The presence of avidity interactions (mode 1) is supported by two key observations. First, both interaction modes exhibit comparable association rates (k_a) but markedly different dissociation rates (k_d), with the slower k_d reflecting enhanced stabilization by the second binding arm (Figure 1 A-C). 

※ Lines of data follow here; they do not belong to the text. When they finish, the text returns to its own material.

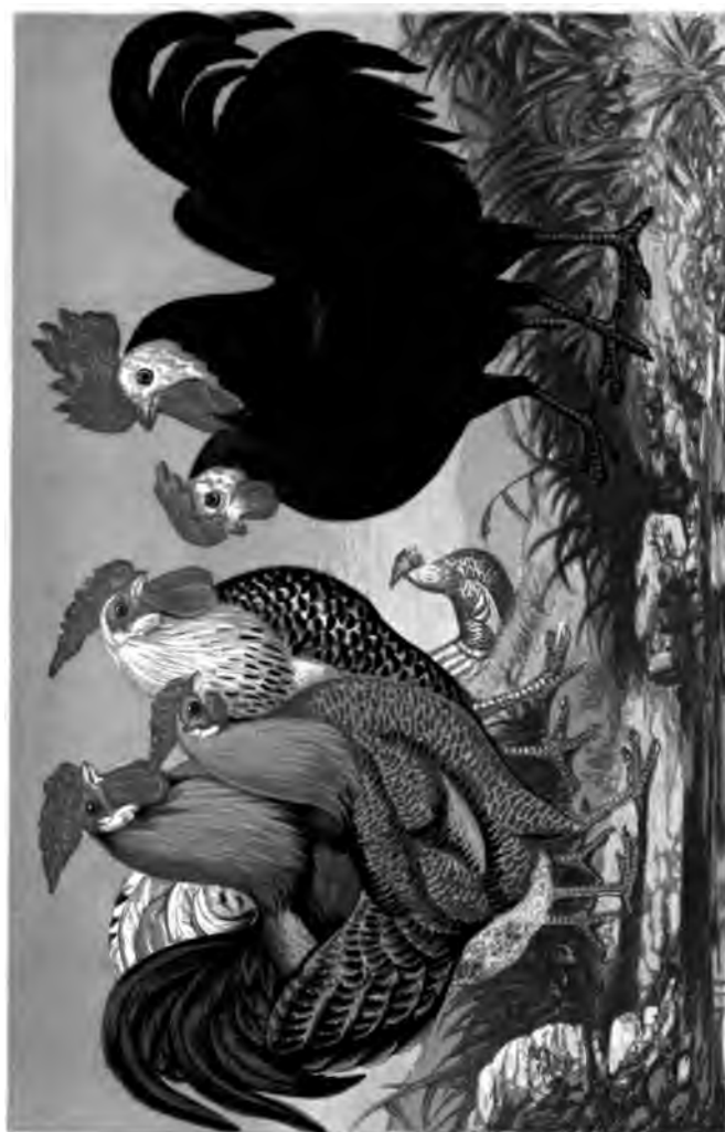
Golden-pencilled and Silver-spangled Hamburgs.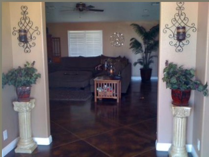
Entry looking into Family Room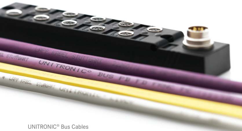
UNITRONIC® Bus Cables

These include new open protocols such as OPC UA and MQTT as well as the new physical layer coming soon, single-pair Ethernet. Choosing a cable specifically designed for either industrial Ethernet or the modern fieldbus systems, depending on your plant setup, is an important step in optimizing your industrial process control system.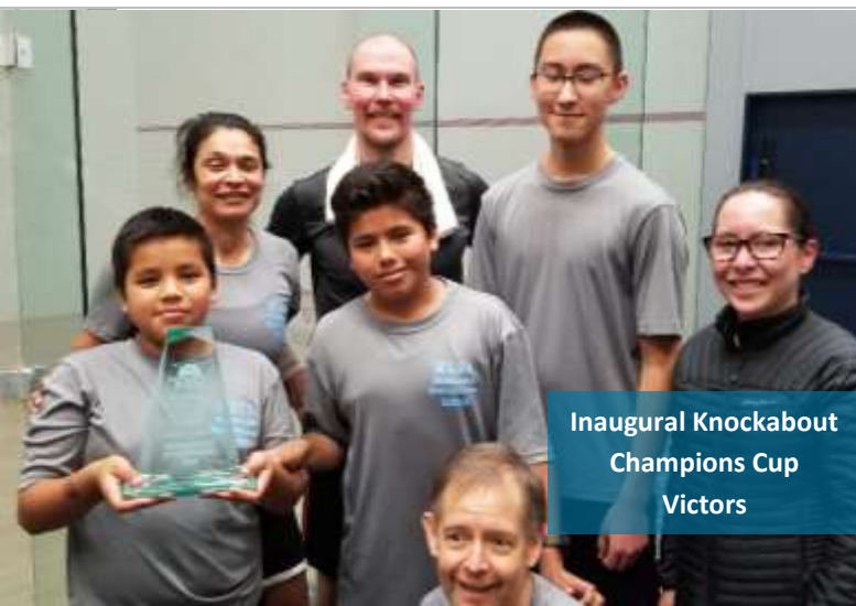
Inaugural Knockabout Champions Cup Victors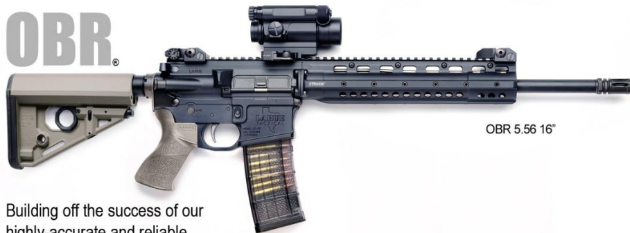
OBR 5.56 16"

Building off the success of our highly-accurate and reliable OBR® 7.62, we set out to apply the same proven design features into a 5.56 rifle. The result is a lightweight, and reliable tack driver that remains cool...even after high rates of fire. Like its 7.62mm sibling, both the upper and lower are CNC-machined from billet aluminum, for the optimum fit and consistency...translating into maximum accuracy.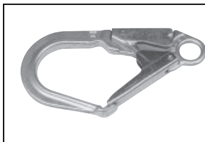
3130 Large Locking Ladder Snap (Option R) 1" eye (I.D.) 2.500" opening 9 3/4" length 1 lb. 8 oz. weight Rated to 5,000 pounds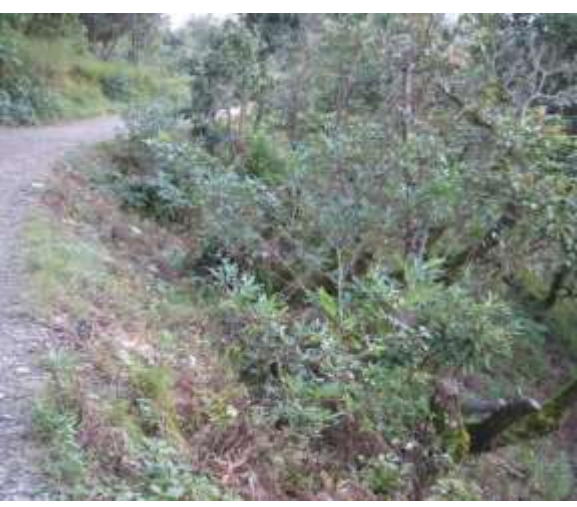
Timur plants at road sides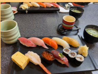
Nigiri sushi including ama ebi - sweet SHRIMP

Include beautiful sights along the way, your favourite shrimp dishes, karaoke and other 'Shrimply the best biker' moments. We'll feature our favourites each week on on our social media.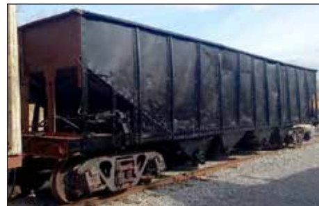
THE GREAT PAINT PROJECT: Two of our steel freight cars got a fresh coat of paint to help stabilize the structure and improve their appearance. MDT refrigerator car No. 12549 was built in 1953 and acquired in 1997, while PRR hopper car No. 747803 was built in 1909 and acquired in 1998. The majority of work was performed over four weekends. The cars will be returned to Track 6 by the end of the month. While this was not a restoration project, lettering may be applied to these cars in the future to further enhance their appearance. Thanks to all the volunteers who helped check this off the list!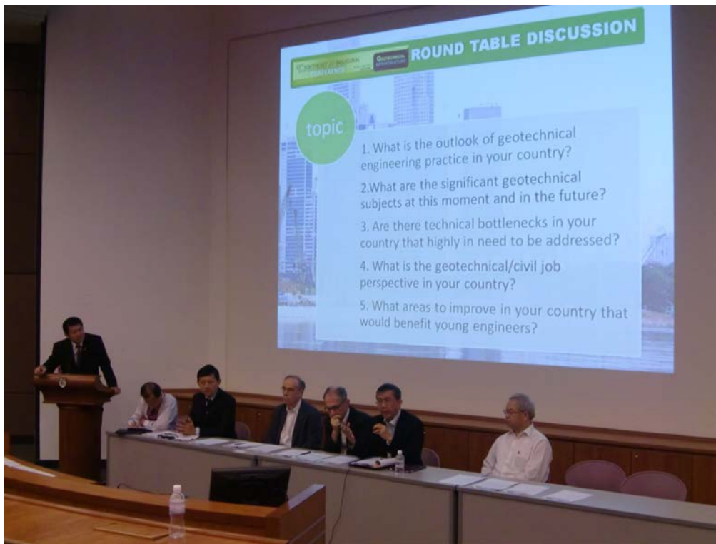
Roundtable Discussion between the reputable mentors and the young delegates

Second, the dependence of the stronger binding mode on receptor density indicates that higher receptor abundance enhances the likelihood of bivalent binding, where the second antibody arm is more able to bind a neighboring receptor after the first arm binds  (Figure 2).^5&6 Therefore, the weaker monovalent interaction mode is attributed to single-arm affinity and the stronger bivalent interaction attributed to avidity.²

Figure 2: Schematic shows different avidity and affinity interaction scenarios.

The prevalence of such avidity interactions varied among antibodies as seen in Figure 3, comprising approximately 78% of total binding events for Cetuximab, 40% for Herceptin, and 58% for anti-her3, which corresponded with their relative receptor expression levels on BxPC3 cells.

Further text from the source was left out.